You’ll need a slightly different mindset.
What brush do I recommend you use to paint a 3D printed miniature?
For this 3D printed miniature, I first painted the entire model black to start.
I did this with my favorite workhorse brush from Citadel. It’s a synthetic mix brush with a flattened bristle tip. This allows me to work quickly and evenly across a variety of model surfaces. You can also check out another budget brush option for painting miniatures.
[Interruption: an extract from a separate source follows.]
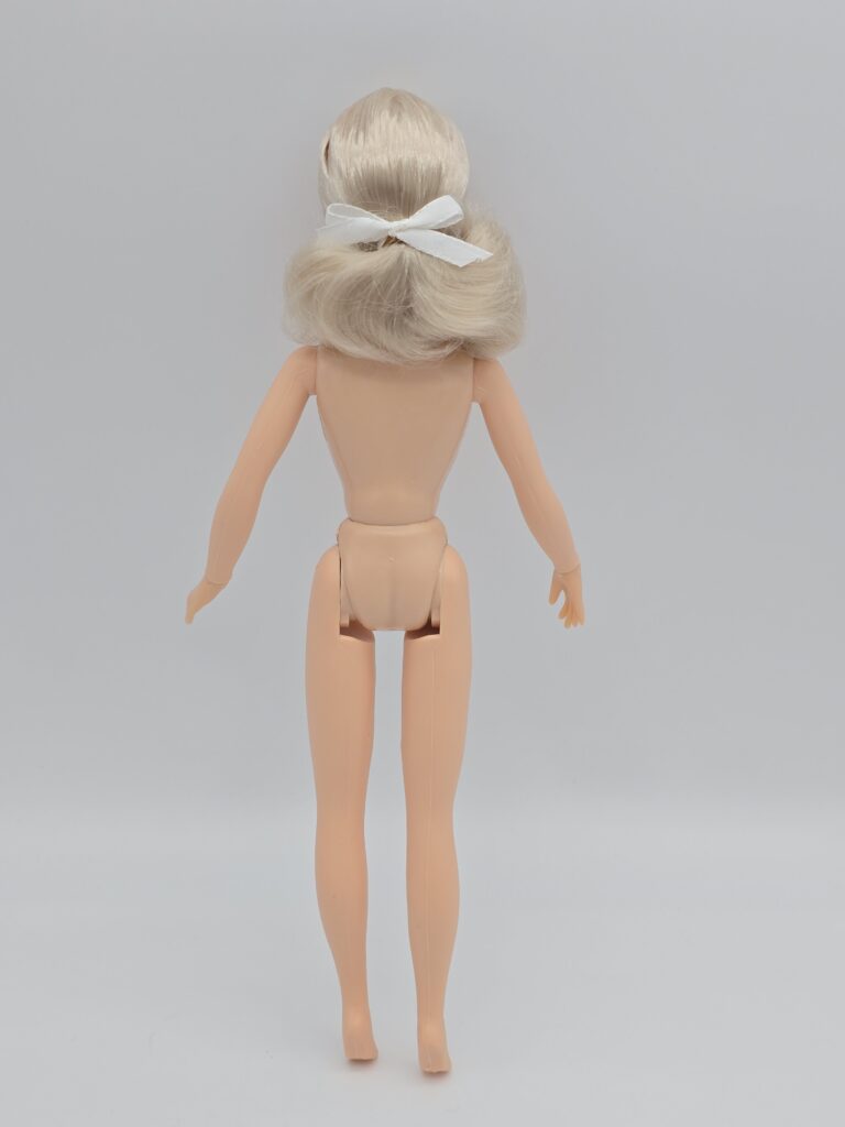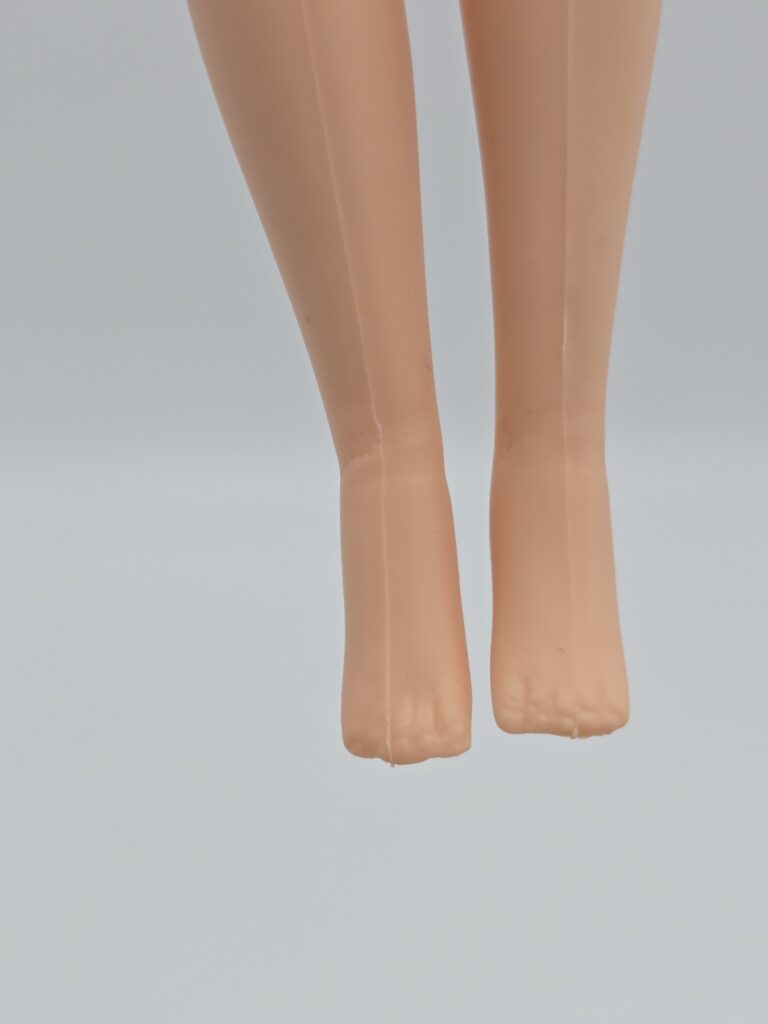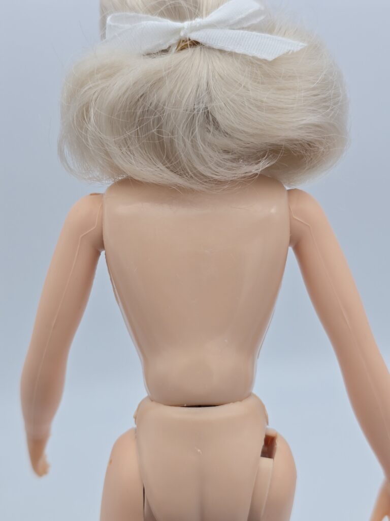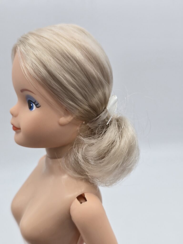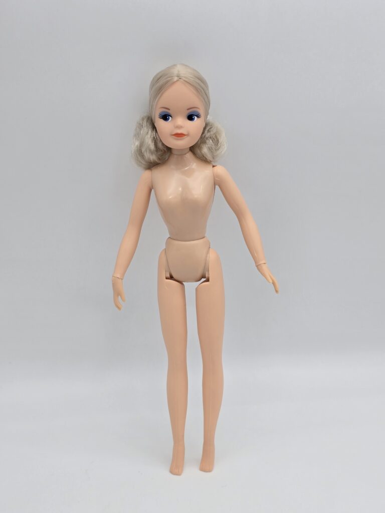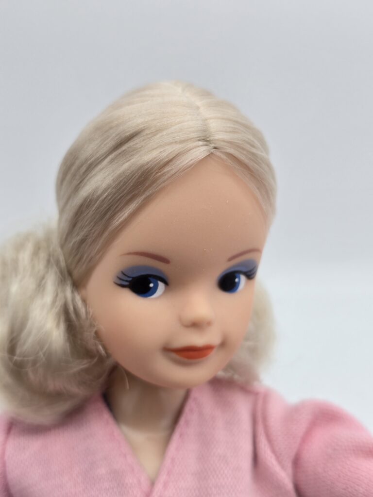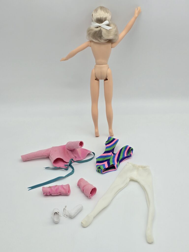 Ballerina Sindy has long rooted hair with center part and the classic Sindy ponytail, “Sindy” molded on the back of her head, movable head and neck, movble shoulders, moveable elbows, ‘double jointed’ waist, movable hips, click-click legs and movable ankles.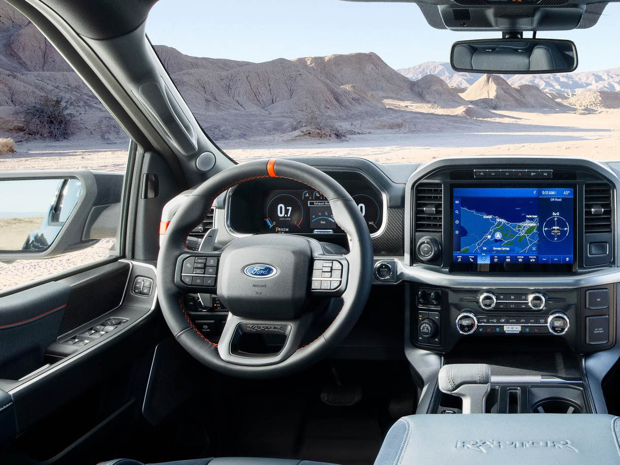 进入内饰,中控台、方向盘与座椅上都有“Raptor”字样的印花以此凸显身份。当然,觉得这些还不够档次的话,我们还可以选装Recaro®桶型座椅、8个扬声器的Bang &Olufsen (B&O) Unleashed高级音响系统,以此提高驾驶舒适性。

For more control, I used a Raphael 8404 round pointed #1 (or other kolinsky sables). I began painting the base coat colors for the major elements, like the duster cloak, with this brush.
Actually, I love the brush so much for this job, I used the Raphael 8404 for the rest of the project.
What is the best model paint for painting miniatures?
Scale 75 color paints are my favorite paints for small miniatures.
The pigment density and matte finish when dry is great for a wide variety of high contrast “looks” and styles.
The best model paints for painting miniatures are those that cover a surface evenly and completely in only 1-2 layers when undiluted.
With dilution, or thinning, with water, the best model paints become translucent whilst maintaining their binding properties (e.g., they don’t become runny; you still have control).
The best model paints can be used as a reliable glaze that filters the underlying paint job evenly, when thinned with water or acrylic medium.
Continue reading on for what I mean about glazing.
Why take your time with the base coat?
You need to be patient when base coating a 3D printed miniature.
As mentioned above, there are unique painting challenges associated with 3D prints.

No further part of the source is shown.